TenggaraNews.com, KENDARI – RSUP Bahteramas kembali mendapatkan sorotan. Kali ini, rumah sakit kebanggaan Pemprov Sultra dengan staus akreditasi paripurna ini diduga lagi-lagi menolak pasien.
Kali ini, management rumah sakit tersebut dikabarkan enggan memberikan pelayanan pengobatan terhadap salah satu anggota TNI Sertu Subakri yang menjadi korban aksi unjuk rasa mahasiswa di Mapolda Sultra, Selasa 22 Oktober 2019. Bahkan, pihak rumah sakit meminta uang jaminan.
Olehnya itu, Gubernur Sulawesi Tenggara (Sultra), Ali Mazi didesak agar segera melakukan langkah cepat dan sanksi pencopotan terhadap Direktur RSUP Bahteramas, dr. Sjarif Subijakto.
Selain dari pihak DPRD Sultra, desakan pencopotan dr. Sjarif Subijakto dari jabatannya juga datang dari Pimpinan Pusat Gerakan Pemuda Islam Indonesia (GPII), yang menyesalkan tindakan pihak rumah sakit plat merah tersebut.
Wakil Sekretaris Jenderal Bidang Hukum dan HAM PP GPII, Muhamad Ikram Pelesa mengecam tindakan pihak RSUP Bahtermas. Menurutnya, semua pasien berhak mendapatkan perlindungan hukum hak atas pelayanan kesehatan, hal itu sesuai Undang-Undang Nomor 36 Tahun 2009 tentang Kesehatan.
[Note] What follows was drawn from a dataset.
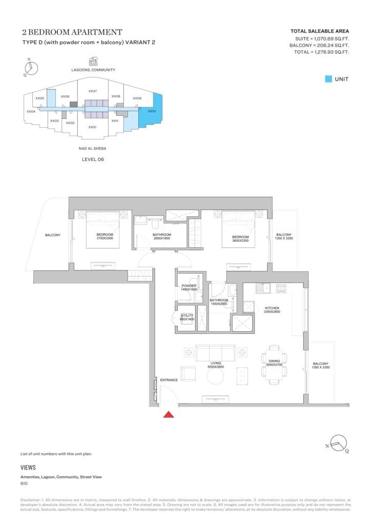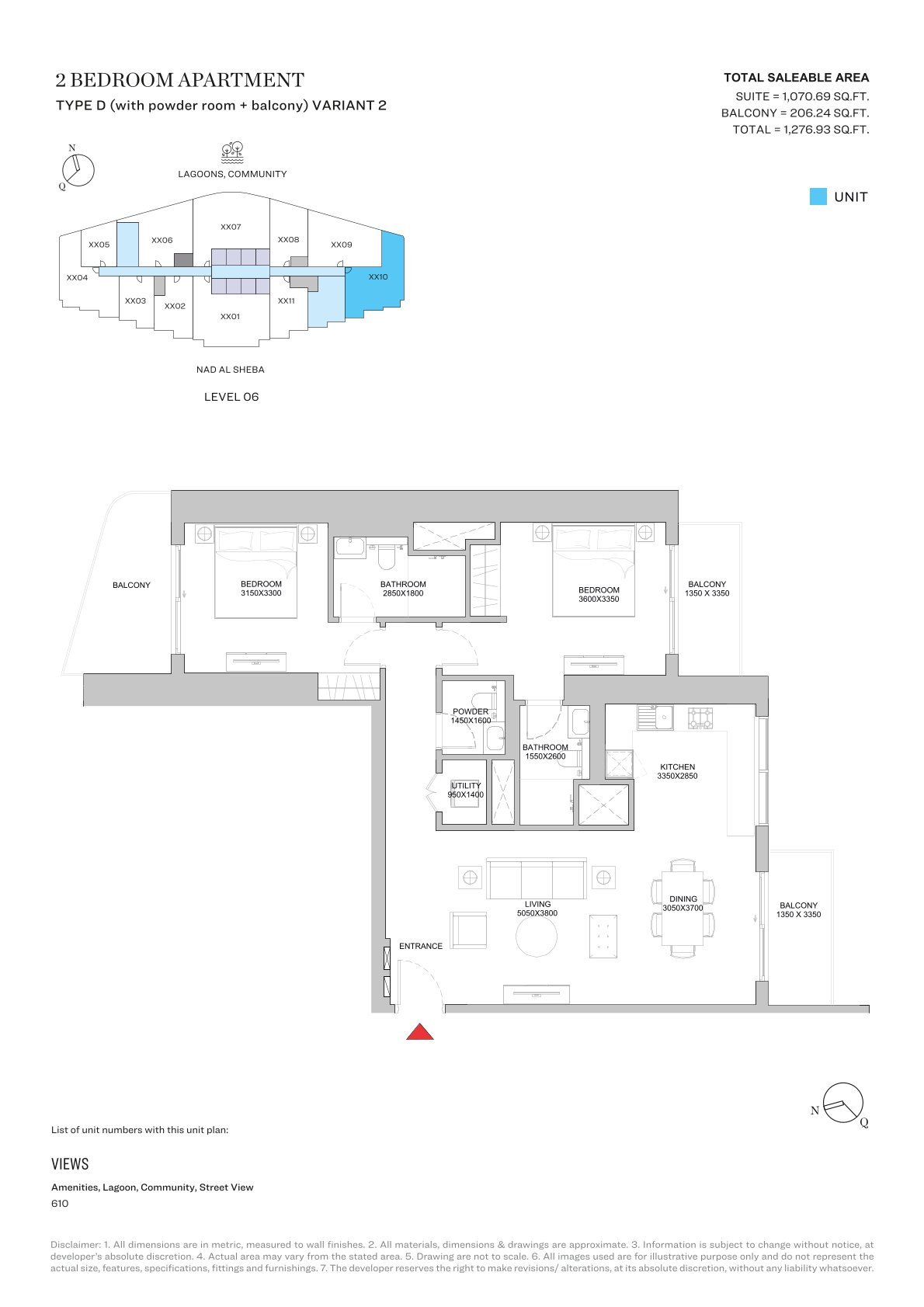 SUITE = 1,070.69 SQ.FT. BALCONY = 206.24 SQ.FT. TOTAL = 1,276.93 SQ.FT.

“Pasa 4 UU Nomor 36 Tahun 2009 tentang Kesehatan menyatakan, bahwa setiap orang berhak atas kesehatan, itu juga dipertegas pada Permenkes 4 Tahun 2018 tentang Kewajiban Rumah Sakit dan Kewajiban pasien pada Pasal 6 sampai dengan Pasal 27, yang menegaskan kewajiban rumah sakit memberikan pelayanan kesehatan yang aman, bermutu, anti diskriminasi, dan efektif dengan mengutamakan kepentingan pasien sesuai standar pelayanan rumah sakit, mewujudkan pelayanan kesehatan yang antidiskriminasi dengan tidak membedakan pelayanan kepada pasien dalam memberikan pelayanan kesehatan, baik menurut ras, agama, suku, gender, kemampuan ekonomi, orang dengan kebutuhan khusus (difable), latar belakang sosial politik dan antar golongan”, bebernya.
Pejabat Ketua Umum PW GPII Sultra ini juga menambahkan, kesehatan adalah salah satu unsur kesejahteraan umum, harus diwujudkan melalui berbagai upaya kesehatan dalam rangkaian pembangunan kesehatan secara menyeluruh dan terpadu, yang didukung oleh suatu sistem kesehatan nasional.
Olehnya itu, kata dia, ketika ada insiden penelantaran pasien, maka pemerintah harus bertanggung jawab atas hak warga negara tanpa melihat background profesi karena dilindungi Undang-Undang.
“Pak Subakri itu Warga Negara Indonesia, ada hak yang melekat padanya, dalam pasal 34 ayat (3) UUD 1945, bahwa Negara bertanggung jawab atas penyediaan fasilitas pelayanan kesehatan dan fasislitas pelayanan umum yang layak”, katanya.
Olehnya itu, insiden penelantaran pasien ini harus ditindaklanjuti secara tegas, Pemerintah Sultra harus bertanggung jawab.
Mahasiswa Pascasarjana Manajemen CSR Universitas Trisakti ini menjelaskan, iinsiden serupa telah berulang kali terjadi di rumah sakit mewah bumi anoa itu. Ia juga menyarankan agar orang nomor satu di sultra itu meminta maaf kepada Komandan Korem 143 HO, atas peristiwa penolakan perawatan yang dialami oleh salah satu anggotanya.
“Kami minta pak gubernur bisa menjadikan Permenkes Nomor 4 Tahun 2018 sebagai rujukan dalam memutuskan perkara ini, pak gubernur harus tegas. Sebab, ini insiden yang berulang kali terjadi. Kami juga menyarankan agar Gubernur Sultra minta maaf kepada Komandan Korem 143 HO, atas peristiwa penolakan perawatan yang dialami oleh salah satu anggotanya,” tutupnya.